6. Keep boots on the ground

“I think the whole question about, ‘Do we really know where that comes from?’ is going to be moot in the next three to five years,” predicted Crowley, citing the Trase initiative and its ability to use third-party data, such as bills of lading to trace where things are coming from.

Kittinger agrees that technology will be transformative. “We’re going to continue to see radical transparency become more the norm,” he said in a later interview. 

He cautioned that blockchain, which some tout as a solution to transparency on human rights, doesn’t solve the problem of where the information gets generated in the first place. He worries that the blockchain pilots being created under optimal conditions could be undermined by less scrupulous people taking the system and inputting their “illegal, fraudulent information and passing it off as responsible.”

“People are being oversold,” said Ceresa more bluntly. “They’re putting their faith in blockchain when it’s not yet built to a degree where it can work. The gap is at the bottom of the supply chain.”

Blockchain data, she said, is only good to a degree when you’re 100 percent sure that the people collecting it are being validated by a trusted source. But human rights abuses occur often in unstable regions with little regulation and where bribery is rampant. 

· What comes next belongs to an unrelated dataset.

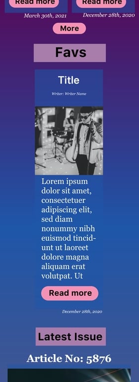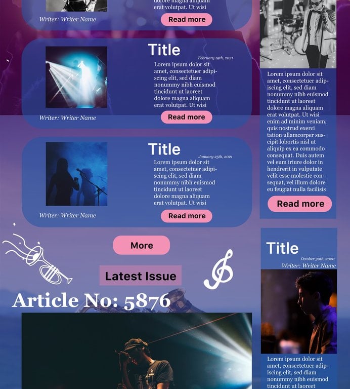 Due to the limitations and negative impact of the website’s previous design, our goal was to reimagine the music magazine’s brand with a more stylized and interactive approach. The updated design features a cohesive color palette and modern typography, creating a visually engaging and contemporary experience.

While Ceresa believes that blockchain is needed and ultimately will be successful, she said that companies should know that at present, “visibility to the source must done with traditional boots on the ground and observational data collection.” Companies employing blockchain should ask who is providing the data and how are they being incentivized to be honest, she said.

More broadly, Kittinger said, “It’s incumbent on you to ensure that all the hands that touch these products, up the supply chain have some set of basic protections in place. It’s not enough to pass it off to your supplier.”